Begin at the line below that holds "Apresentamos a incrível" and end at the line that holds "Brown rectangle eyeglasses", transcribing each line exactly and skipping any picture.

> Excerpted records
- - -
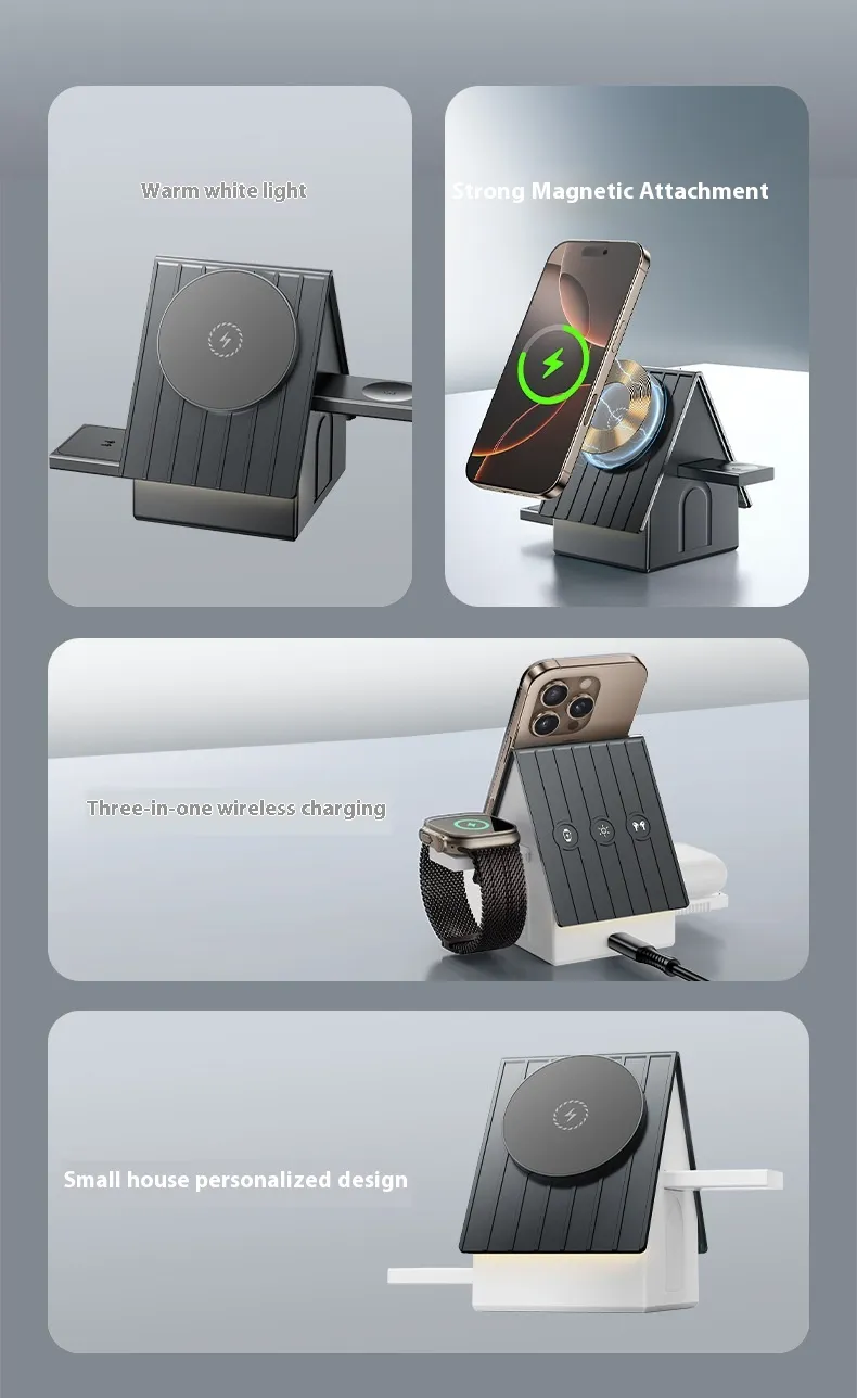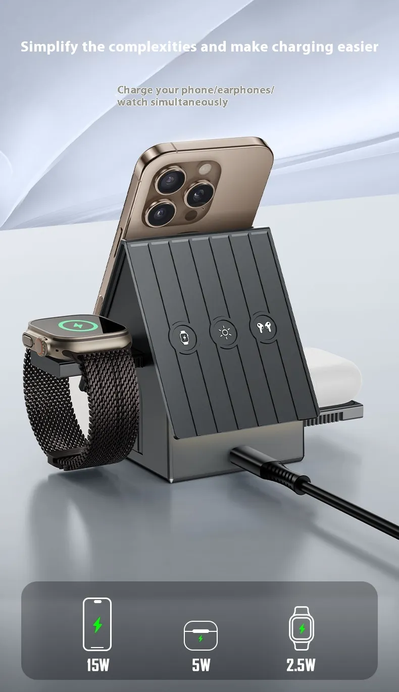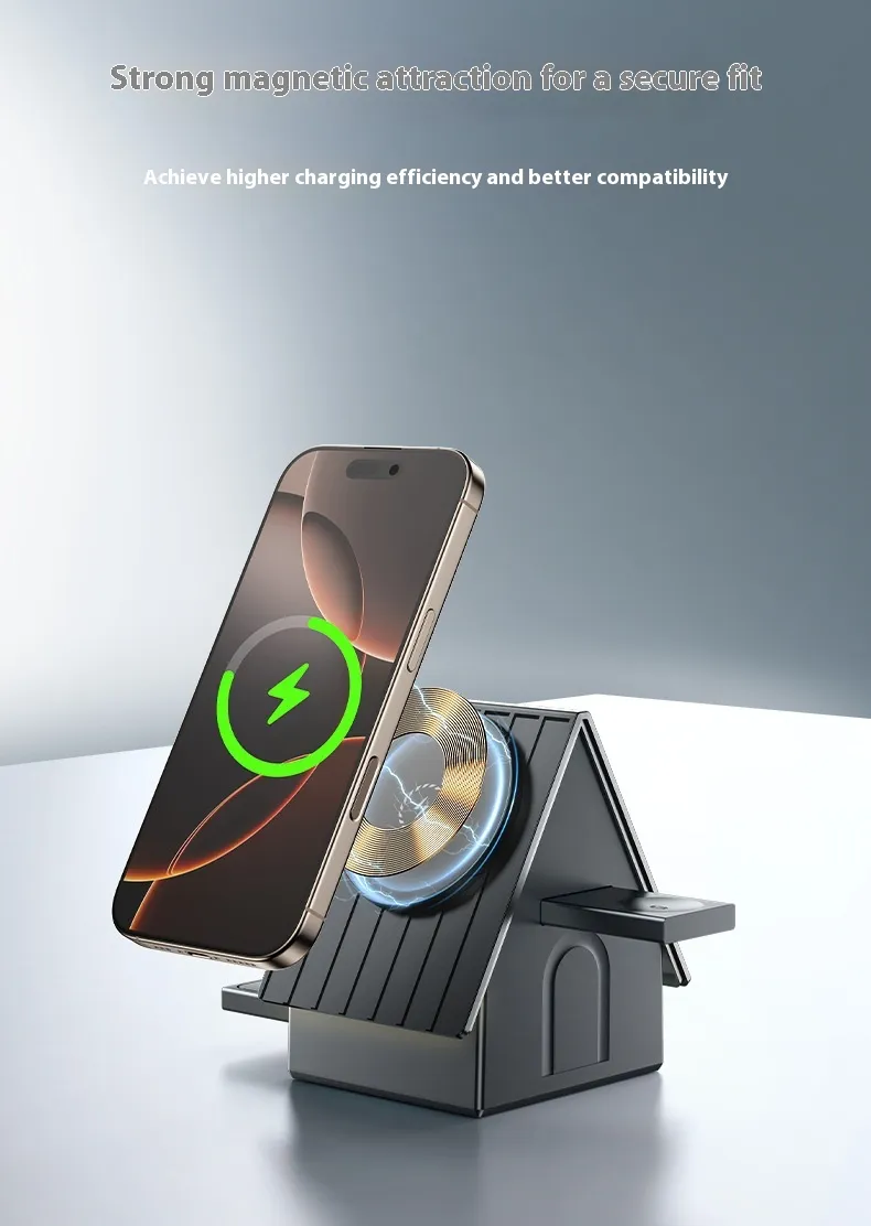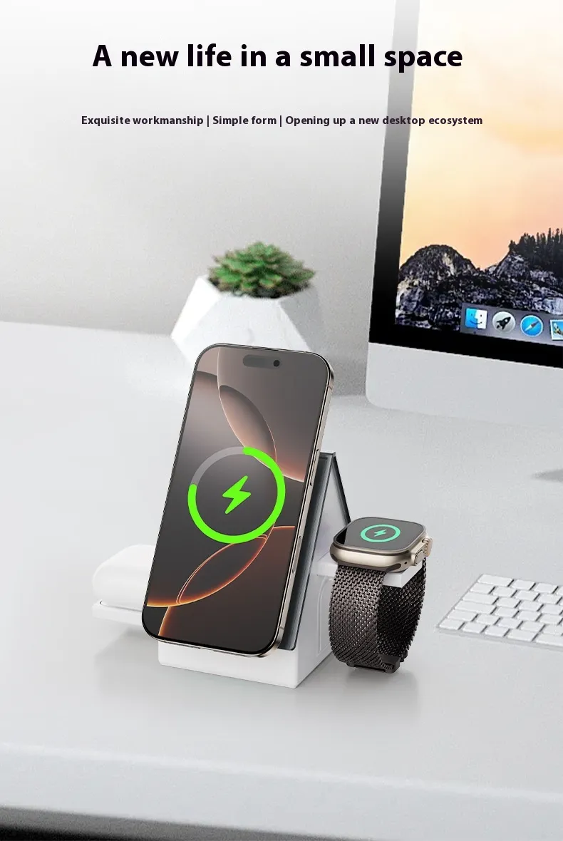 Three-in-one Wireless Charger Desktop Base Magnetic Bracket Suitable For Mobile Phone Watch Headset Fast Charging
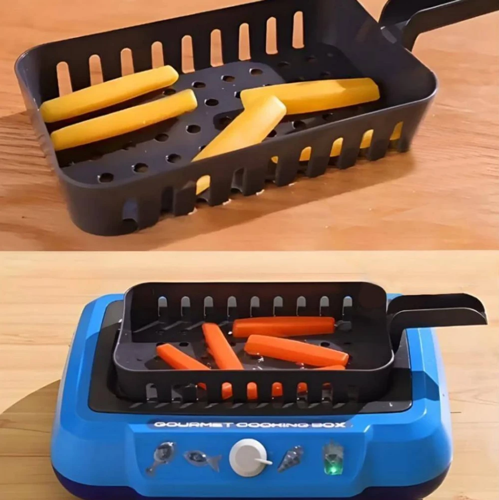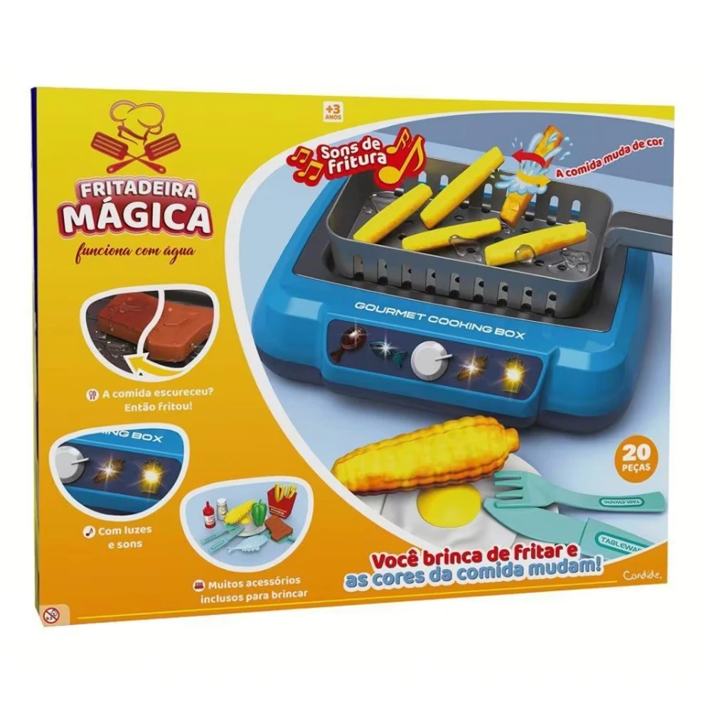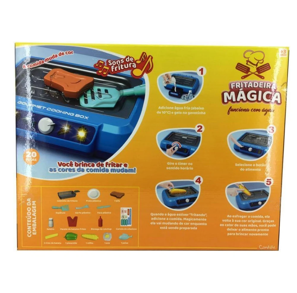 Apresentamos a incrível Fritadeira Mágica Candide! Com ela, as crianças podem se divertir e aprender enquanto simulam o processo de dourar alimentos sem usar calor ou óleo. Basta adicionar água gelada ao compartimento apropriado, colocar os alimentos de brinquedo e ligar a fritadeira. As crianças vão adorar ver os alimentos ganhando uma cor dourada de maneira mágica e divertida.
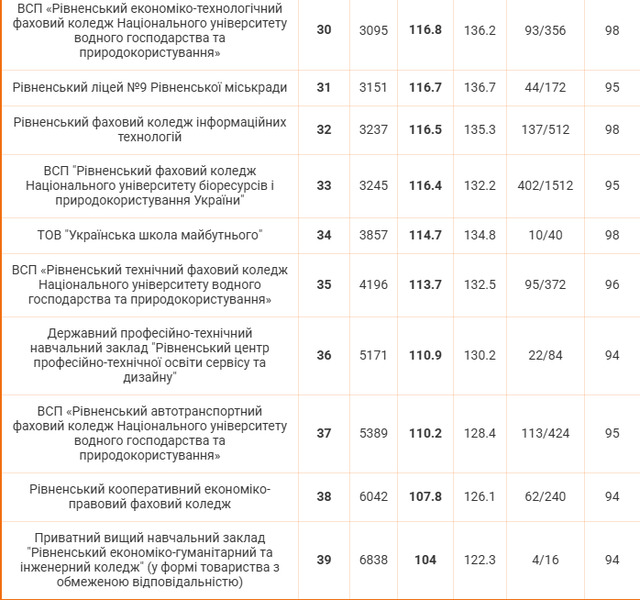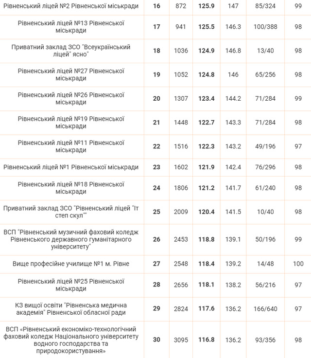 Загалом рейтинг гавчальних закладів Рівного за результатами НМТ – 2025 виглядає так:
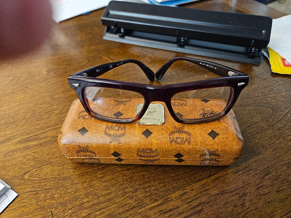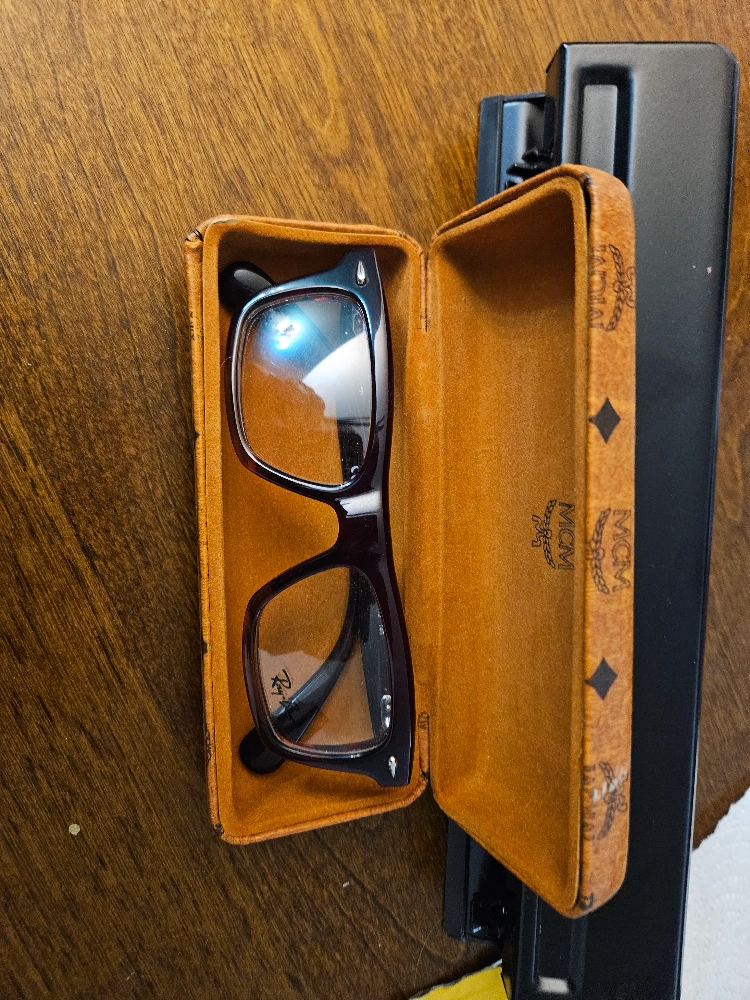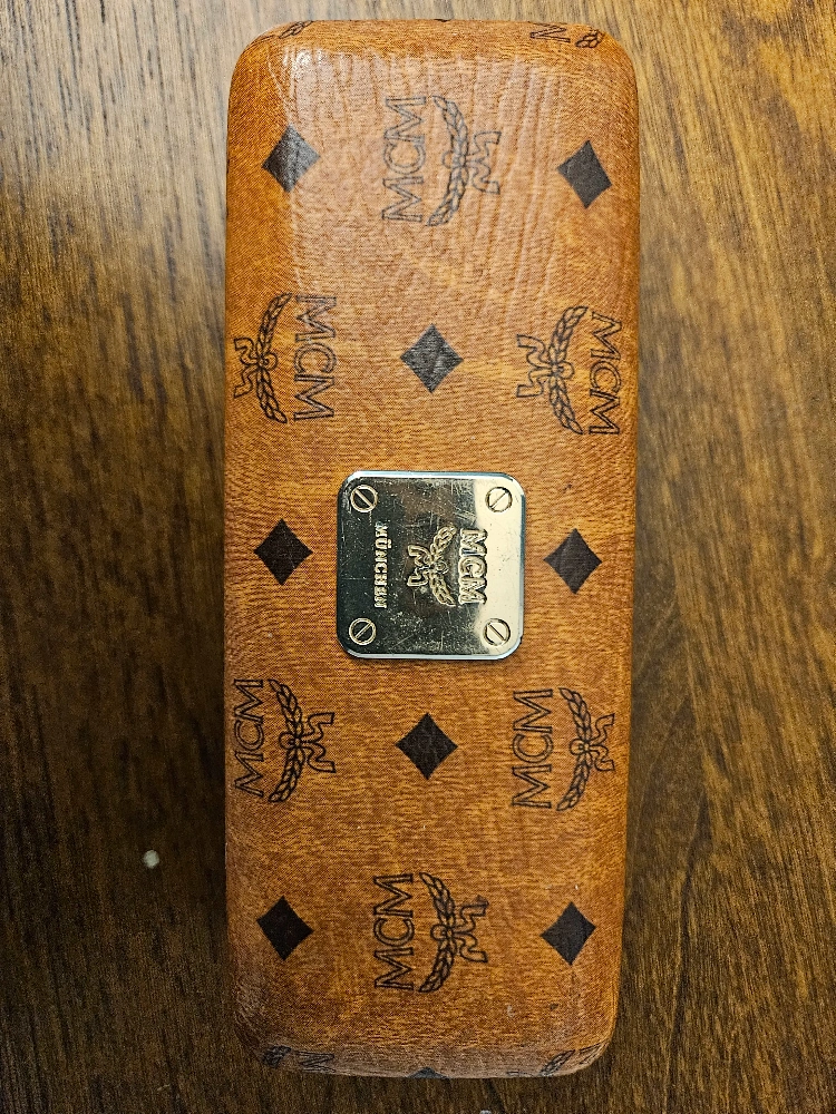 Brown rectangle eyeglasses frame. Comes with MCM hard case. New, non prescription, ready for prescription glasses.
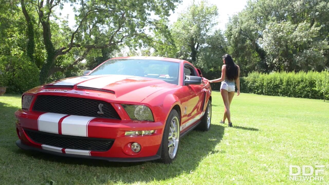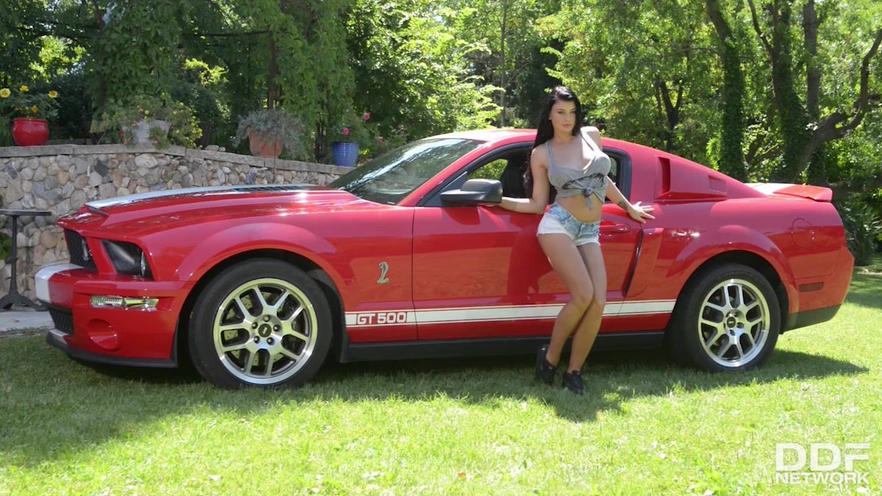 Get ready to get your engines revved up and hot because Lucy Li is going to turn up the torque and turn you on! Our favorite black haired provocative Czech will have you firing off a big cum shot from all cylinders in no time!Lucy appears to be quite turned on by cars as she rubs every inch of her curvy ass against the Mustang giving it the perfect shine. She's also got a rack that would go perfectly on the rooftop or a cock that she shows off by having them fully displaying her big natural tits outside her tied up tee.Squatting down and bouncing a bit in the garden with her legs splayed wide so we can look inside, she gives us the perfect shot of her shaved pussy tucked underneath her barely there booty shorts.This is a solo softcore scene you won't want to miss if you're looking for an excuse for an afternoon stiffy. Her green eyes and pussy petting will leave your tongue out as she takes off., 06/28/2015
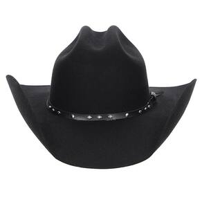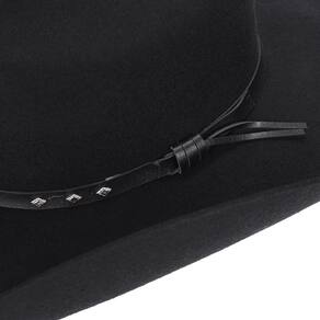 Chapéu Pralana modelo Arizona III, fabricado em Feltro 100% Lã cor Preto, repelente à água, aba de 10cm e copa de 11cm, banda em material sintético com detalhes em rebites e carneira de recouro.
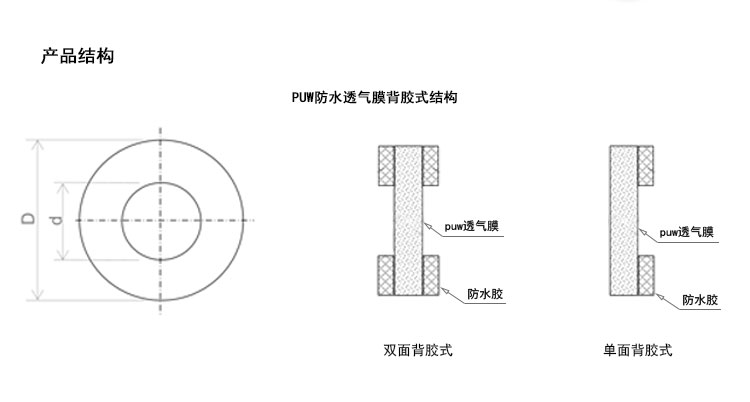 背膠式防水透氣膜是由EPTFE薄膜與雙面膠(采用美國3M公司)貼合而成,背膠式產品薄而輕巧,易于安裝,具有性能穩定,使用時間長,防水透氣性能高等。我們既能提供標準尺寸,也能按照客戶需求制作。
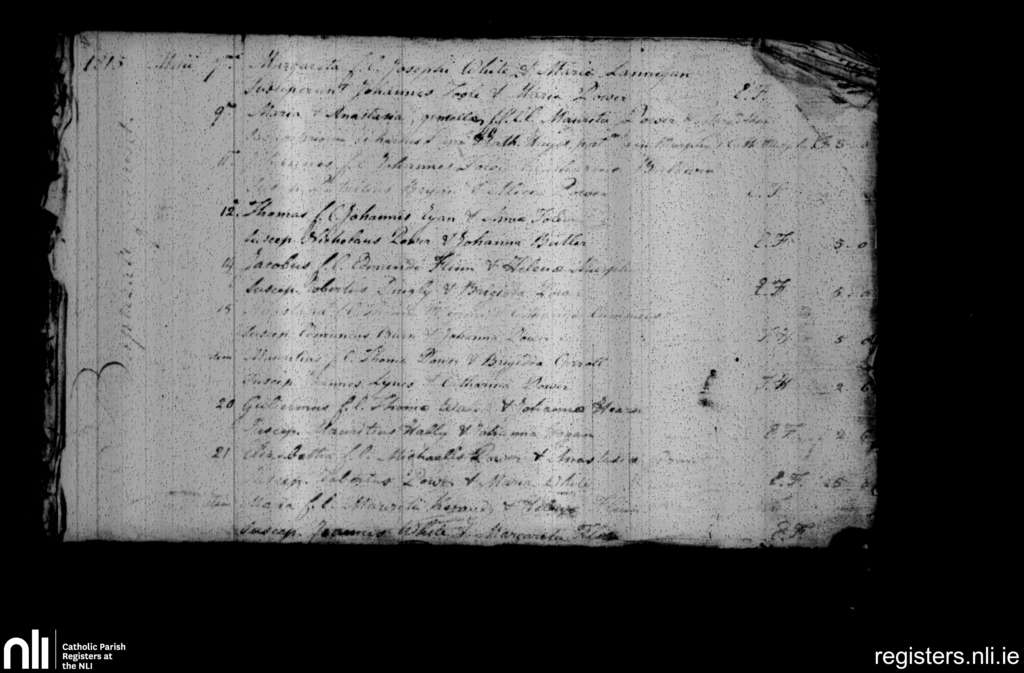 Killea; County of Waterford; Diocese of Waterford and Lismore. Baptisms, May 1815
- - -
> Worked solution
 Apresentamos a incrível Fritadeira Mágica Candide! Com ela, as crianças podem se divertir e aprender enquanto simulam o processo de dourar alimentos sem usar calor ou óleo. Basta adicionar água gelada ao compartimento apropriado, colocar os alimentos de brinquedo e ligar a fritadeira. As crianças vão adorar ver os alimentos ganhando uma cor dourada de maneira mágica e divertida.
 Загалом рейтинг гавчальних закладів Рівного за результатами НМТ – 2025 виглядає так:
 Brown rectangle eyeglasses frame. Comes with MCM hard case. New, non prescription, ready for prescription glasses.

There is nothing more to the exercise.